Assignment: The response must be the exact lines from the one that contains "大河流域羁绊无需过牌,核心机" through the end of the material, with no pictures and no additional lines.

Dataset extract:
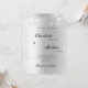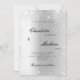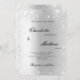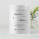 Um convite formal de casamento moderno, elegante e minimalista. Um fundo com aspecto fino de prata decorado com falso brilho. Personalize e adicione seus nomes e detalhes. Letras pretas coloridas. Os primeiros nomes são escritos com um moderno estilo escrito à mão.
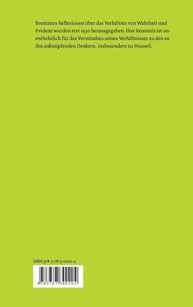 Brentanos Reflexionen über das Verhältnis von Wahrheit und Evidenz wurden erst 1930 herausgegeben. Ihre Kenntnis ist unentbehrlich für das Verständnis seines Verhältnisses zu den an ihn anknüpfenden Denkern, insbesondere zu Husserl.
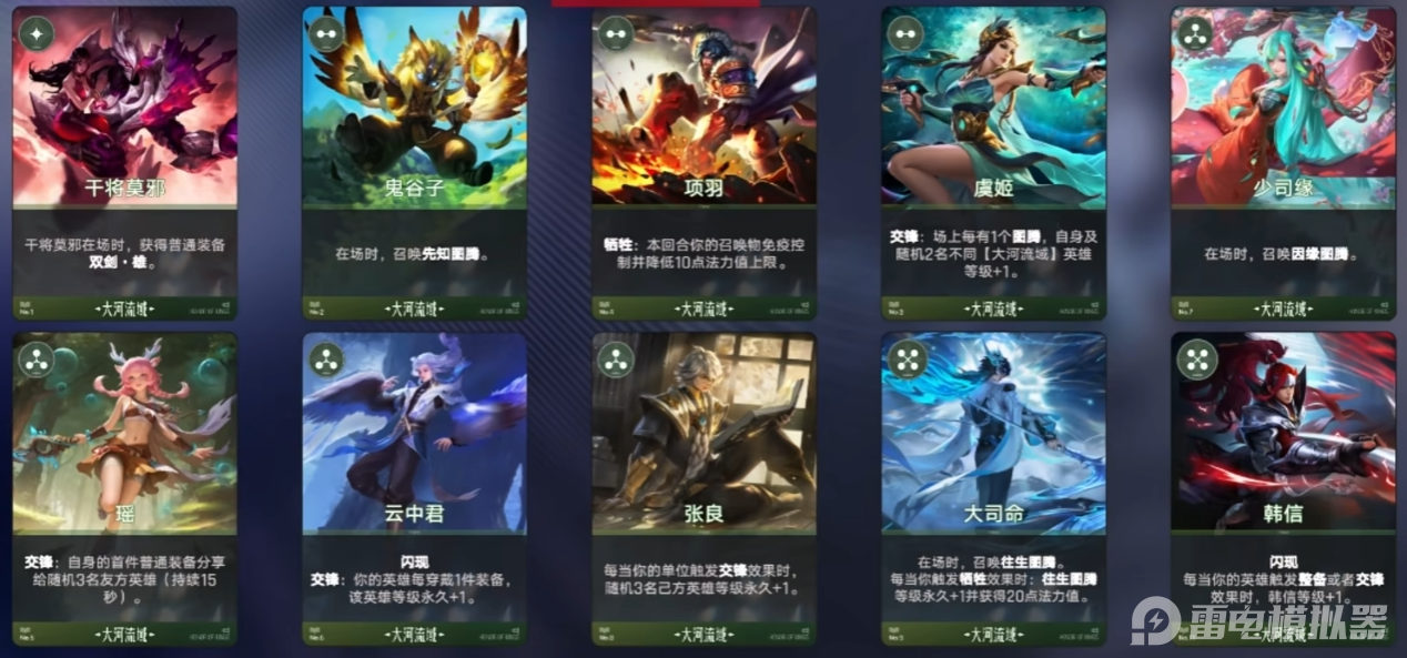 大河流域羁绊无需过牌,核心机制是“图腾召唤”与“交锋升级”,核心英雄有东皇太一、敖隐、鬼谷子、虞姬。上阵3名即可激活,鬼谷子、大司命等英雄能召唤图腾,虞姬可根据图腾数量为全队提升等级;上阵5名时,敖隐登场后将获得所有图腾的属性加成,攻速与生存能力大幅提升,且开战自动触发“交锋”特性,快速升级成型。前期压制力强,适合喜欢速战速决的玩家。
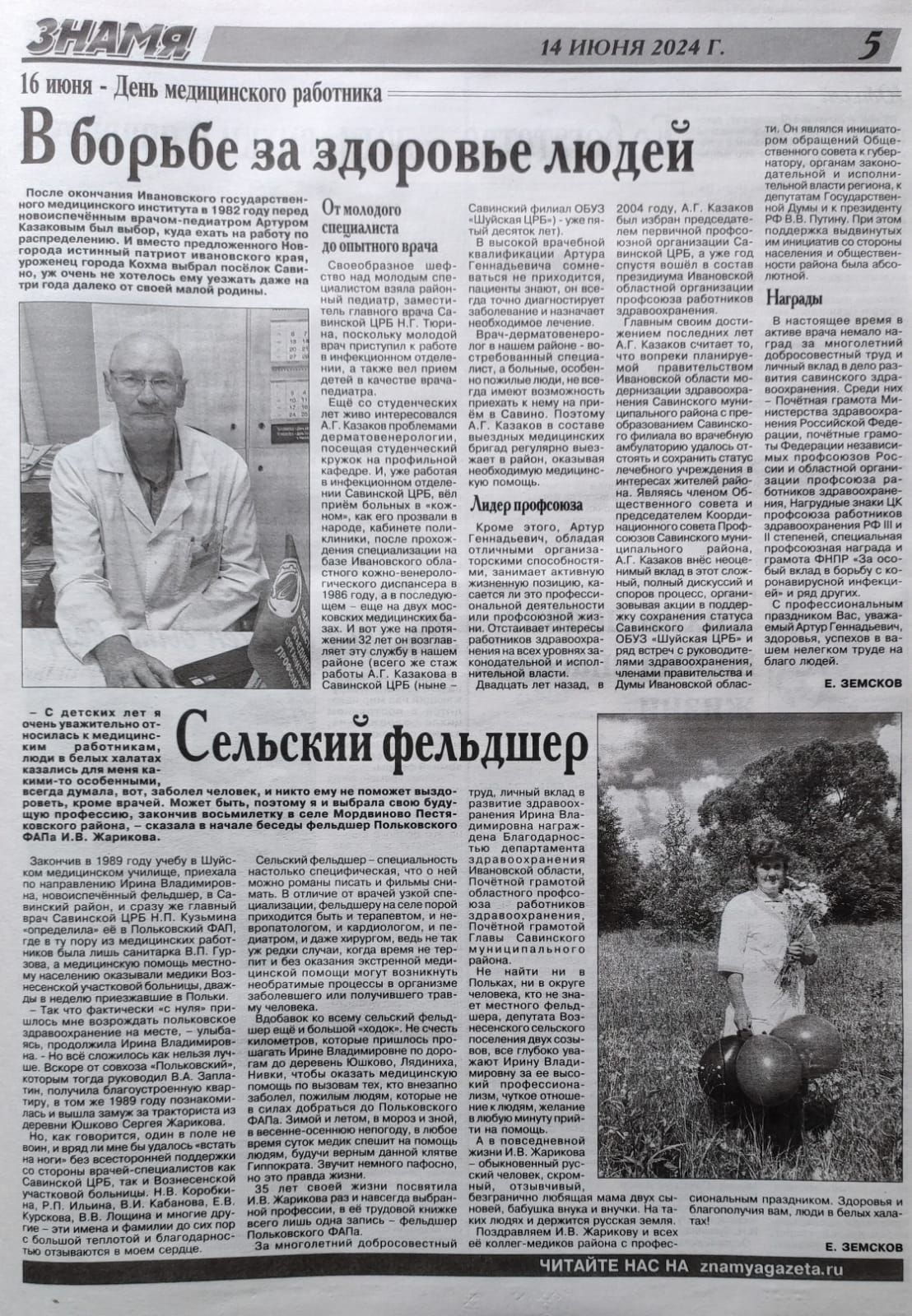 14 июня заместитель главы администрации Савинского муниципального района С.Н. Желобанова поздравила с профессиональным праздником медицинских работников Савинского филиала ОБУЗ "Шуйская ЦРБ".

Reply to the exercise:
 大河流域羁绊无需过牌,核心机制是“图腾召唤”与“交锋升级”,核心英雄有东皇太一、敖隐、鬼谷子、虞姬。上阵3名即可激活,鬼谷子、大司命等英雄能召唤图腾,虞姬可根据图腾数量为全队提升等级;上阵5名时,敖隐登场后将获得所有图腾的属性加成,攻速与生存能力大幅提升,且开战自动触发“交锋”特性,快速升级成型。前期压制力强,适合喜欢速战速决的玩家。
 14 июня заместитель главы администрации Савинского муниципального района С.Н. Желобанова поздравила с профессиональным праздником медицинских работников Савинского филиала ОБУЗ "Шуйская ЦРБ".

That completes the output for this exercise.